In summary, total healthcare costs during second-line therapy were 14% lower and monthly costs were 13% lower with bevacizumab compared with cetuximab. Prior therapy, expectation of clinical benefit, and tolerability are the primary factors to consider in selecting second-line therapies. When comparable results can be achieved with different therapies, cost savings may be a relevant consideration in treatment decisions.

Transparency

Declaration of funding

This study was funded by Genentech, Inc. All authors contributed to the development of this manuscript.

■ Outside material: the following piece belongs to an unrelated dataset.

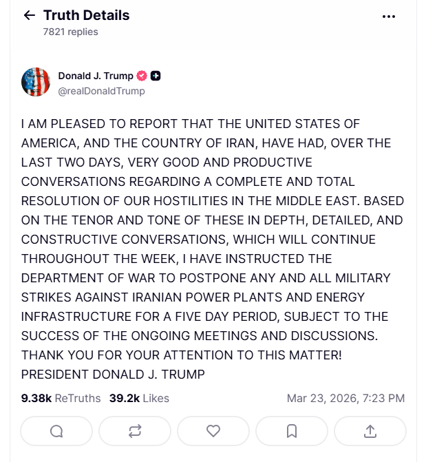 当天早些时候,就在所谓的“最后48小时最后通牒”结束前,美国总统特朗普突然在其社交媒体平台“真实社交”上发文称,“美国和伊朗在过去两天进行了非常良好和富有成效的对话”,对话将持续至本周末。他还指示暂停对伊朗发电厂和能源基础设施的一切军事打击,为期五天,但前提是正在进行的会议和讨论取得成功。

Declaration of financial/other relationships

Stacey DaCosta Byfield is an employee of Optum. Stacey DaCosta Byfield and April Teitelbaum were paid consultants to Genentech, Inc. in connection with this work and development of this manuscript. Dana Evans, Robert Morlock, and Elaine Yu are employees of Genentech, Inc. JME Peer Reviewers on this manuscript have no relevant financial or other relationships to disclose.

Acknowledgements

Sarah Peirce-Sandner (Optum) provided medical writing support for this manuscript and was funded by Genentech, Inc.